Não só é raro, como não representa nenhuma capacidade intelectual superior: leio quatro livros em simultâneo. Nunca me aconteceu, mesmo que os livros tenham particularidades que, para mim, permitem esta simultaneidade. Leio Contos, de Clarice Lispector, O Jogo das Contas de Vidro, de Hermann Hesse, Da Pintura, uma colectânea de escritos de Eduardo Lourenço, e, por indicação e empréstimo do meu querido amigo ATM, Acta Est Fabula, o quinto e último livro de memórias de Eugénio Lisboa, correspondendo ao período que vai de 1995 a 2015. Como pode depreender-se pelo tipo, todos os livros, com excepção do escrito por Hermann Hesse, permitem uma leitura fragmentada.
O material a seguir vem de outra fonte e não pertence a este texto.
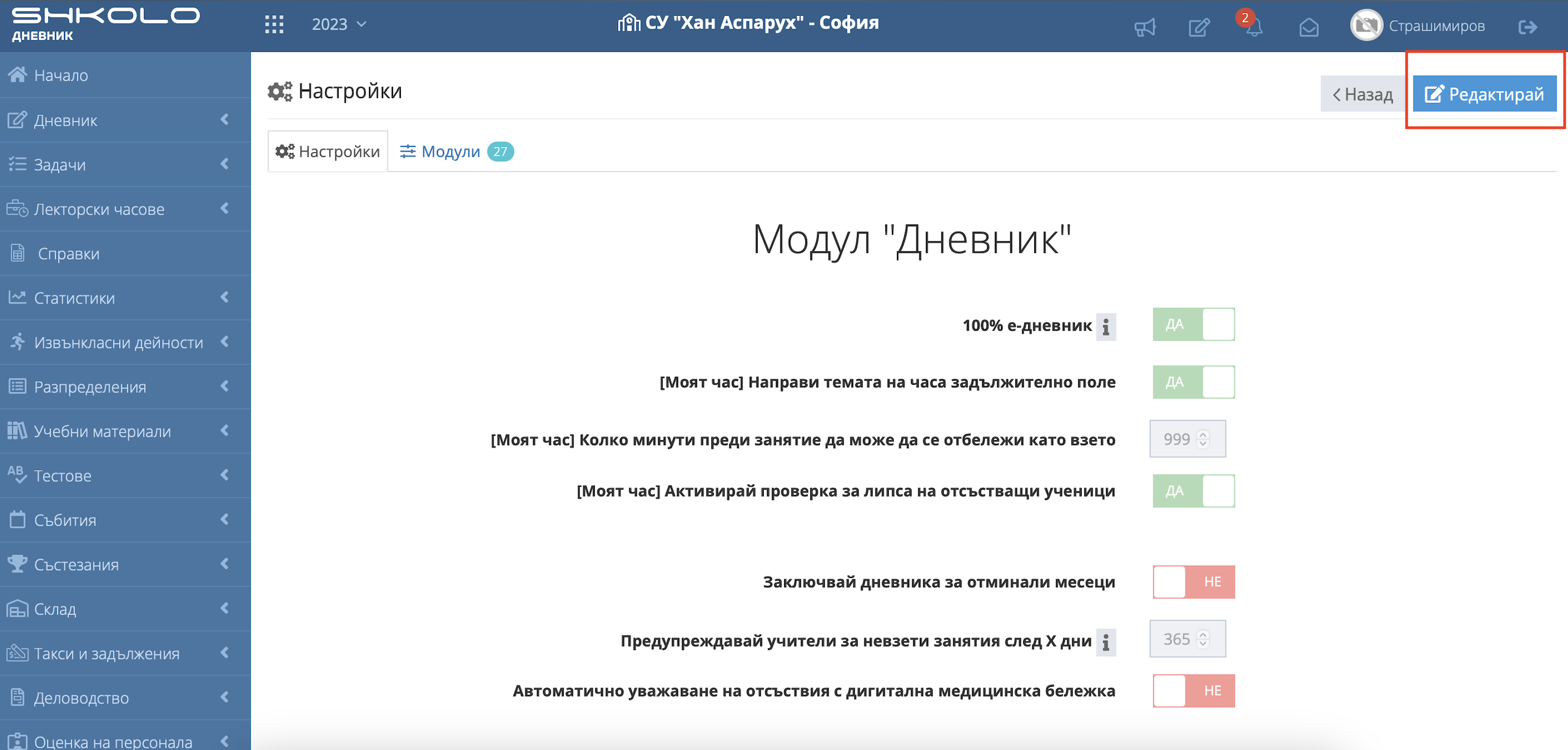 Ако желаете автоматично при постъпване на данни всички неуважени отсъствия да се уважават по медицински причини, както и всички нови неизвинени да стават уважени, следвайте тези стъпки.

Os livros correspondem a sugestões que me foram feitas, ou porque fariam sentido para a minha tese de doutoramento (o caso da colectânea de Eduardo Lourenço), ou porque teriam interesse para perceber estes meandros, onde me agito vagamente, das universidades e dos escritores com as suas manias, embirrações de estimação, ódios e paixões, expectativas de Nobel ou desejos insatisfeitos de comendas (no caso do diário de Eugénio Lisboa). Sobre o primeiro, reconheço a minha incapacidade intelectual para, não só tirar ideias como, em muitos casos, para o perceber. O filósofo é, neste caso específico, demasiadamente hermético para o meu gosto. Quanto ao Diário, é demasiado cedo para me pronunciar mas é, talvez, excessivamente factual para o meu gosto: fui aqui, jantei ali, li isto e fiz aquilo. É clara a embirração por Saramago (um ponto a favor), a admiração por Mourão Ferreira (percebo) uma certa acrimónia por Vergílio Ferreira (hmmmm...). 


Boxe

Os jornais, ou pelo menos o Observador, deliciam-se até à exaustão com o que chamaram o Combate do Século, que opôs Mayweather a McGregor, sendo que o primeiro venceu por KO técnico (os últimos segundos que vi do combate).
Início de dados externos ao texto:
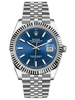 41mm white Rolesor case comprised of a 904L steel monobloc middle case, screw-down steel back, screw-down crown with twinlock double waterproofness system, 18K white gold fluted bezel, scratch-resistant double anti-reflective sapphire crystal with cyclops lens over the date, blue dial, index hour markers, Rolex calibre 3235 perpetual self-winding movement with date at 3 o'clock that changes instantaneously at midnight in a few thousandths of a second, approximately 70 hours of power reserve, 904L steel Jubilee bracelet with five-piece links, folding Oysterclasp buckle with Easylink 5mm comfort extension link. Waterproof to 100 meters.

Tenho dificuldade em achar que o boxe é um desporto. Fala-se muito nas célebres regras do Marquês de Queensberry (que poderão consultar aqui) que deram origem ao boxe moderno. No entanto, nenhuma das doze regras elimina o fundamental: o desejo de vencer o oponente por KO, isto é, zurzir o oponente da maneira mais feroz possível (ainda que dentro das regras) para que este caia estendido no chão, inanimado. Podem as luvas ter de ser isto ou aquilo (regra nº 8); pode ser proibido golpear o adversário abaixo da cintura (não consta das regras...); pode mais isto e mais aquilo que o facto é este: o maior número de murros, nos sítios legalmente mais debilitantes, para que alguém desmaie e se estenda ao comprido. Desporto? Para mim não...


Textos

Por motivos que não vêm ao caso, leio manuscritos de alguém que desapareceu há meia dúzia de anos e que se entreteve, numa letra nem sempre fácil de decifrar, a fazer poesia. Não percebo o que leio e, sobretudo - e esse é que era o desafio - não interpreto o que leio, de nada consigo tirar uma ideia sobre as motivações da escrita, os dramas ou alegrias interiores, os conflitos consigo próprio ou com os outros. 
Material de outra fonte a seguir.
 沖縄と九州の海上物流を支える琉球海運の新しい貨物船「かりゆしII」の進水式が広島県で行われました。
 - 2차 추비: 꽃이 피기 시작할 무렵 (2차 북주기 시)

Este exercício, mais lúdico do que de investigação, faz-me lembrar uma entrevista que ouvi há um bom par de anos. Um estudioso (ou editor?) contava que Kafka perdeu a voz nos últimos tempos de vida, pelo que escrevia as respostas num caderninho. Não se conhecem as perguntas que lhe seriam feitas oralmente, mas conhecem-se as respostas que estão escritas. E agora invento: se sabemos (ou intuímos fortemente) que pergunta teria sido feita se o escritor dissesse bife com batatas fritas, uma resposta que não suscita nenhum pensamento interessante sobre Kafka, talvez (como referia o entrevistado) haja lugar para um devaneio se lêssemos dois pombos em silêncio ao por-do-sol.  Que pergunta lhe fizeram?

Continuarei na investigação, certo de que não interpretarei nada que valha a pena um sorriso de mistério decifrado. Somos, obviamente, muito mais do que aquilo que escrevemos.